Would you transcribe the records below from the line with "ドライフルーツとナッツをぎっ" to the line with "Une boîte métallique", ends included, exactly and with nothing more, leaving the pictures out?

(DATA EXCERPTS begins)

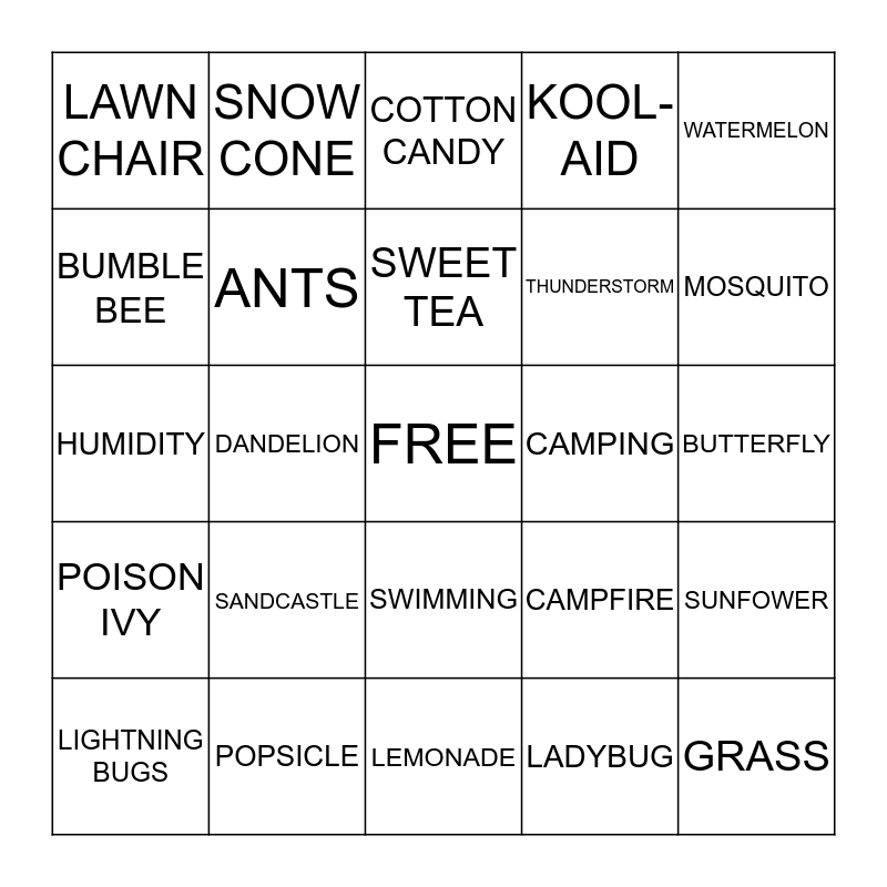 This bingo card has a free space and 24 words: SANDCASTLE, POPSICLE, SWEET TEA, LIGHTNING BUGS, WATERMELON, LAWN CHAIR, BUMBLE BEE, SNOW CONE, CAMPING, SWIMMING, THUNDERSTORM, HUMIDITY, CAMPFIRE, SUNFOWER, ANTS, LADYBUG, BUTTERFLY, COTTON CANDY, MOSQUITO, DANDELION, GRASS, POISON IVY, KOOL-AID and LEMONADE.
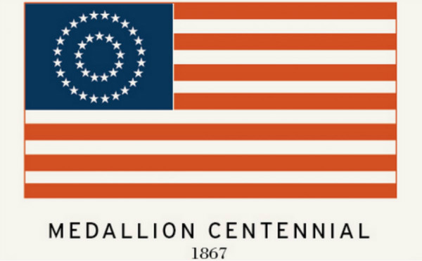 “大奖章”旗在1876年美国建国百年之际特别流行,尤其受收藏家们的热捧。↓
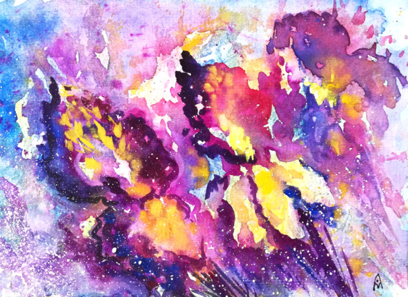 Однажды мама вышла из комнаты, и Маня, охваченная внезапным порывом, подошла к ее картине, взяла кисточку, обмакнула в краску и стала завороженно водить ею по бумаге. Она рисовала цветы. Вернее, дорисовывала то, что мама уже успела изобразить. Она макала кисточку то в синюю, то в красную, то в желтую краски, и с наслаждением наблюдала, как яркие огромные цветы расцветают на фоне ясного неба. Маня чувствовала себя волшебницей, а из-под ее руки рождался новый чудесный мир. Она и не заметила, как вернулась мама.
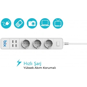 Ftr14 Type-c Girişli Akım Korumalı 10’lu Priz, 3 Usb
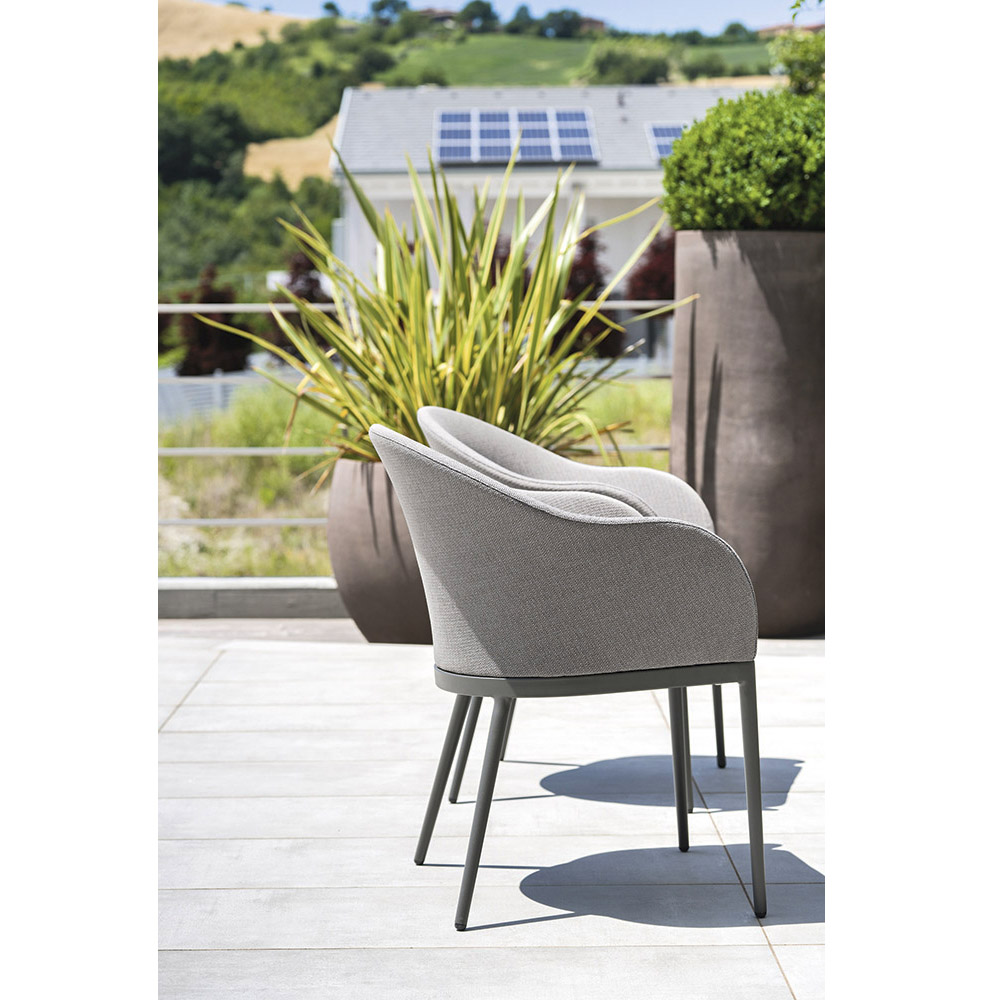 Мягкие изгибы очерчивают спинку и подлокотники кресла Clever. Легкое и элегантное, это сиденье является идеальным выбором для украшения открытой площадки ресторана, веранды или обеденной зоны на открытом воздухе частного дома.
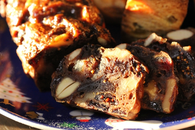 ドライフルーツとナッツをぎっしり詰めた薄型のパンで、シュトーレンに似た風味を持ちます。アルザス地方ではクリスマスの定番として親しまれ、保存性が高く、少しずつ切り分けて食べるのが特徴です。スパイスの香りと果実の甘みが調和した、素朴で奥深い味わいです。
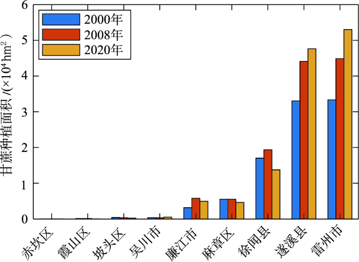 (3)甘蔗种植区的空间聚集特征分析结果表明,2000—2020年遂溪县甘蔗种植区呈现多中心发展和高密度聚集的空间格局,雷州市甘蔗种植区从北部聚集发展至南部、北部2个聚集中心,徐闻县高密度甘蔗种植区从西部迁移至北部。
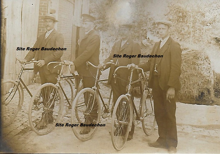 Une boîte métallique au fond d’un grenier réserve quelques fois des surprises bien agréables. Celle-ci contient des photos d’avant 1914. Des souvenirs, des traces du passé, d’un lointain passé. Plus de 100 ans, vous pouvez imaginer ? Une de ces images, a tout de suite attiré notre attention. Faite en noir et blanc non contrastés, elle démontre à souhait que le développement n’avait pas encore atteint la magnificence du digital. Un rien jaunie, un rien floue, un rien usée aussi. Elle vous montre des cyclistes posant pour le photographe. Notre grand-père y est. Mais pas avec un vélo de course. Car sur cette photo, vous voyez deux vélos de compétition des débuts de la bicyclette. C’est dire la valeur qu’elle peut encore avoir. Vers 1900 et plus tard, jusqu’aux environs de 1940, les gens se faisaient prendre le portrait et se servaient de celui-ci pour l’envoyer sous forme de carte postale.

(DATA EXCERPTS ends)
(DATA EXCERPTS begins)

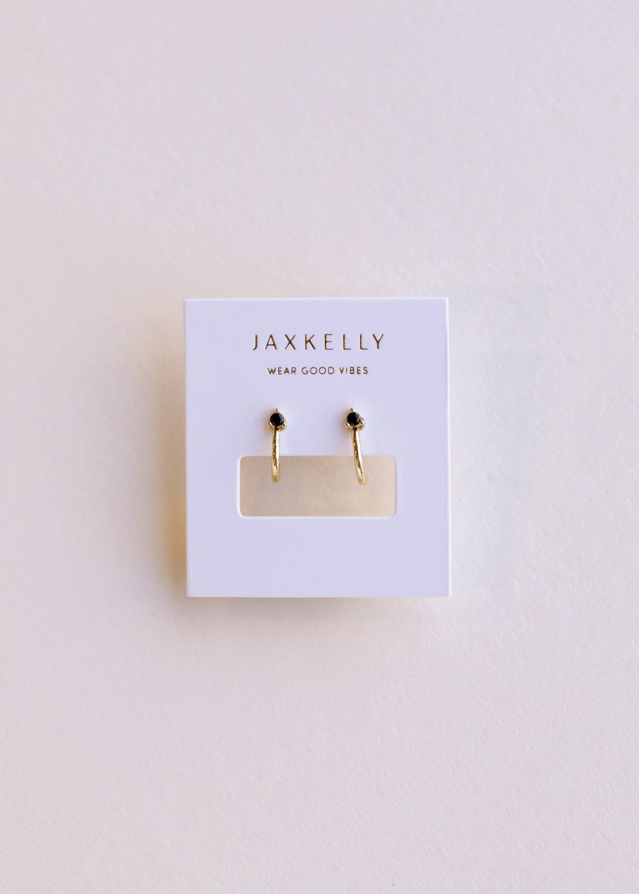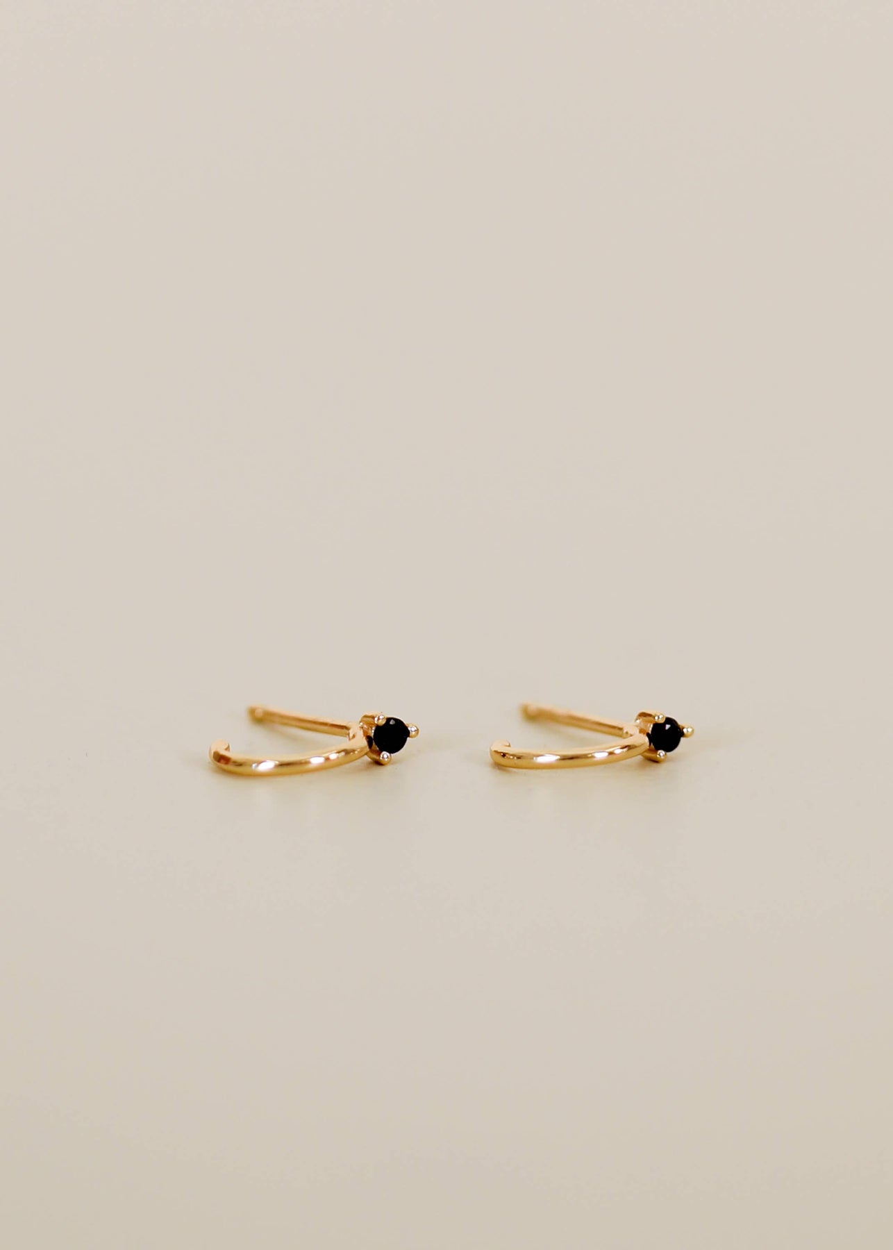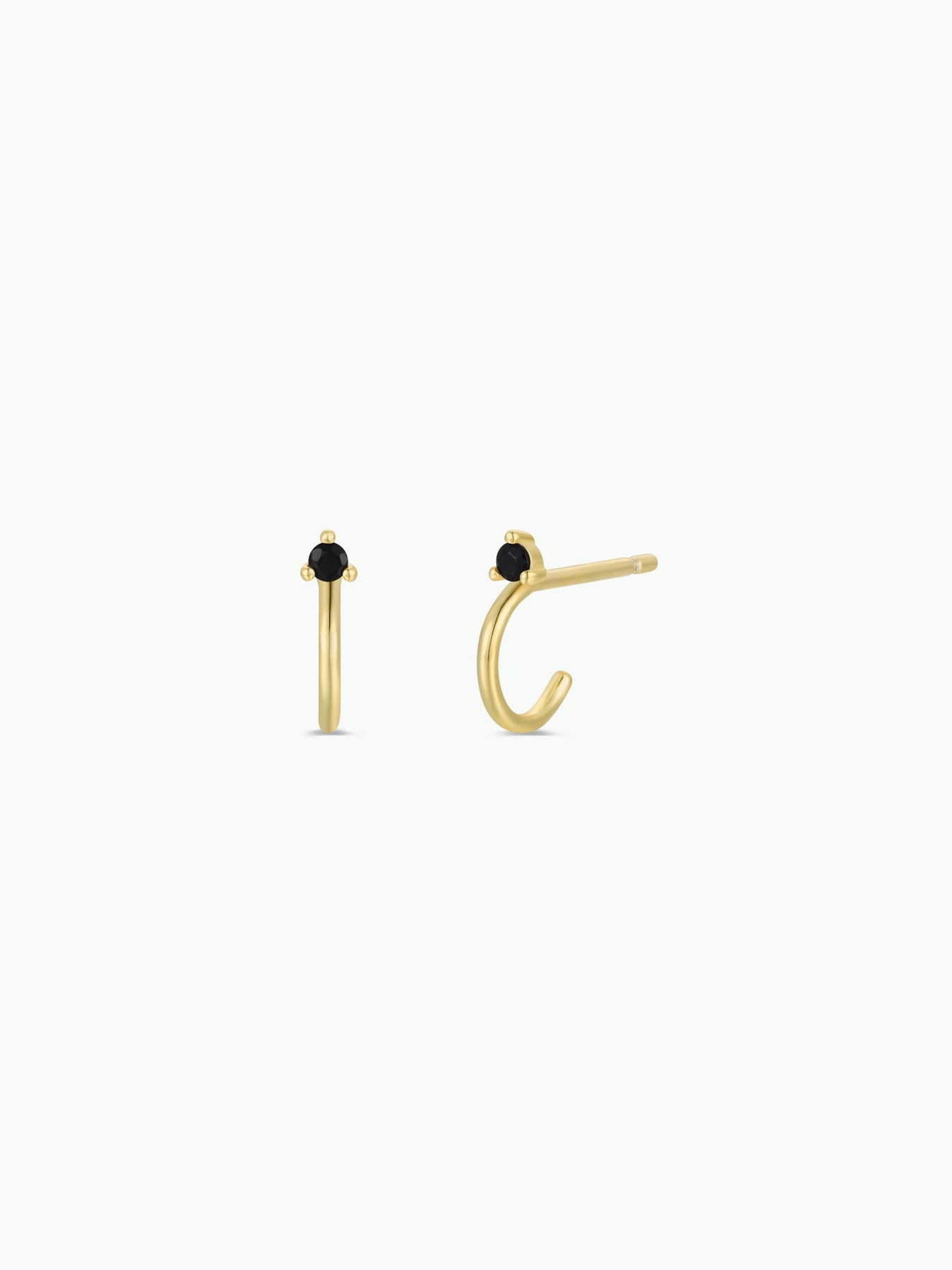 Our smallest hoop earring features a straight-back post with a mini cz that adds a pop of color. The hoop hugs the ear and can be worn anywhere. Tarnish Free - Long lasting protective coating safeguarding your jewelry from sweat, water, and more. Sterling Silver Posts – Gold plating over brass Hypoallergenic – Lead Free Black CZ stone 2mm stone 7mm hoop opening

(DATA EXCERPTS ends)

### THE COMPLETED TASK
 ドライフルーツとナッツをぎっしり詰めた薄型のパンで、シュトーレンに似た風味を持ちます。アルザス地方ではクリスマスの定番として親しまれ、保存性が高く、少しずつ切り分けて食べるのが特徴です。スパイスの香りと果実の甘みが調和した、素朴で奥深い味わいです。
 (3)甘蔗种植区的空间聚集特征分析结果表明,2000—2020年遂溪县甘蔗种植区呈现多中心发展和高密度聚集的空间格局,雷州市甘蔗种植区从北部聚集发展至南部、北部2个聚集中心,徐闻县高密度甘蔗种植区从西部迁移至北部。
 Une boîte métallique au fond d’un grenier réserve quelques fois des surprises bien agréables. Celle-ci contient des photos d’avant 1914. Des souvenirs, des traces du passé, d’un lointain passé. Plus de 100 ans, vous pouvez imaginer ? Une de ces images, a tout de suite attiré notre attention. Faite en noir et blanc non contrastés, elle démontre à souhait que le développement n’avait pas encore atteint la magnificence du digital. Un rien jaunie, un rien floue, un rien usée aussi. Elle vous montre des cyclistes posant pour le photographe. Notre grand-père y est. Mais pas avec un vélo de course. Car sur cette photo, vous voyez deux vélos de compétition des débuts de la bicyclette. C’est dire la valeur qu’elle peut encore avoir. Vers 1900 et plus tard, jusqu’aux environs de 1940, les gens se faisaient prendre le portrait et se servaient de celui-ci pour l’envoyer sous forme de carte postale.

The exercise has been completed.